**What is required:**
No pictures, please. Copy exactly the lines from the one with "RIT Observatory dome" through the final line below.

**Data extract:**
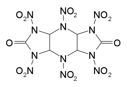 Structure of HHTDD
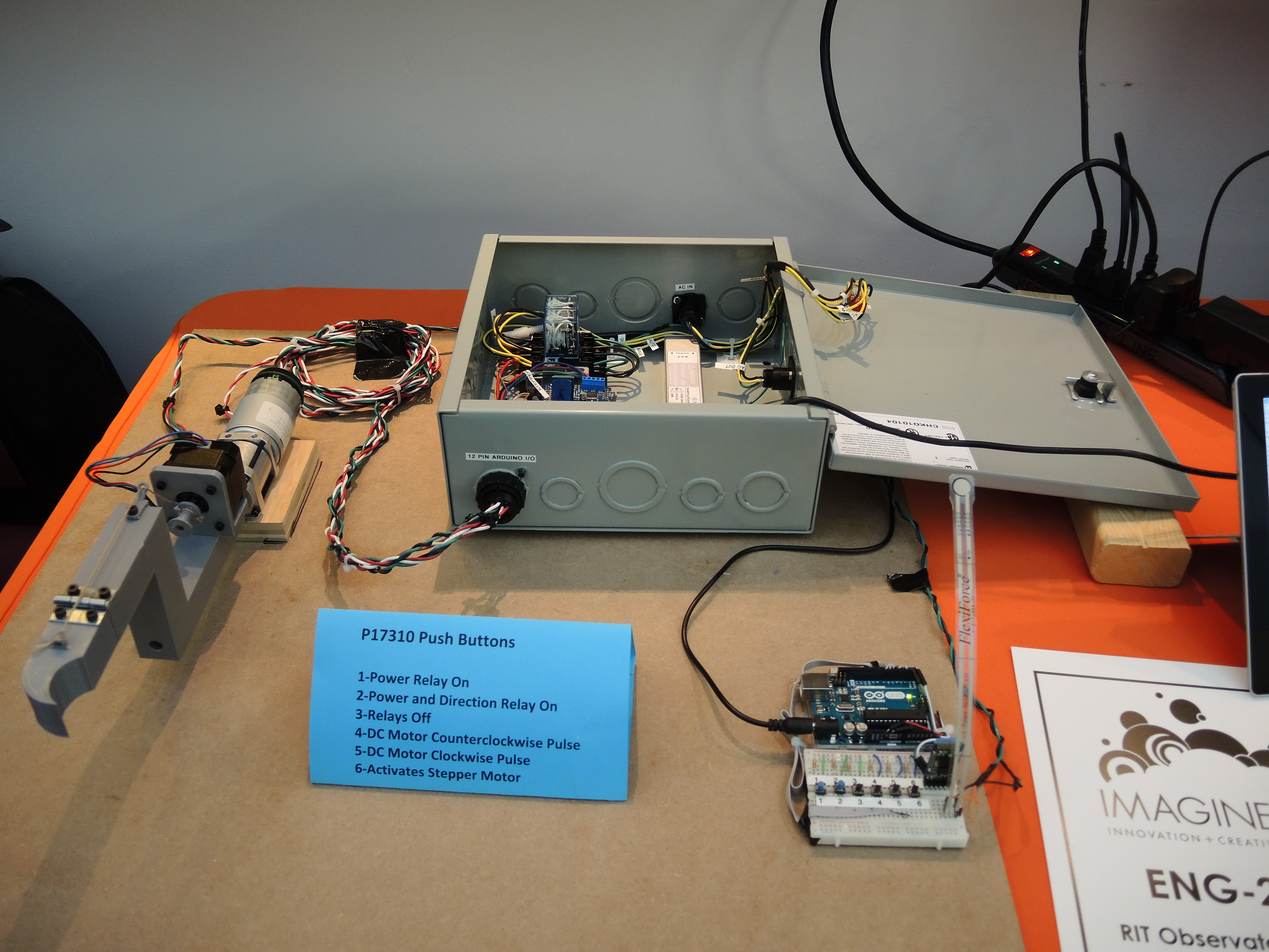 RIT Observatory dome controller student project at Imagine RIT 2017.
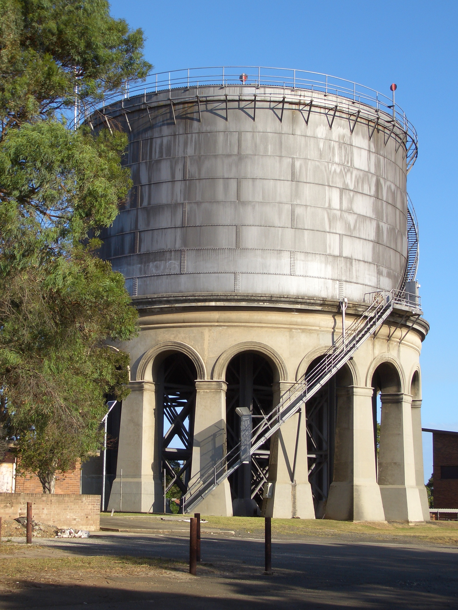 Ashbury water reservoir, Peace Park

**Expected answer:**
 RIT Observatory dome controller student project at Imagine RIT 2017.
 Ashbury water reservoir, Peace Park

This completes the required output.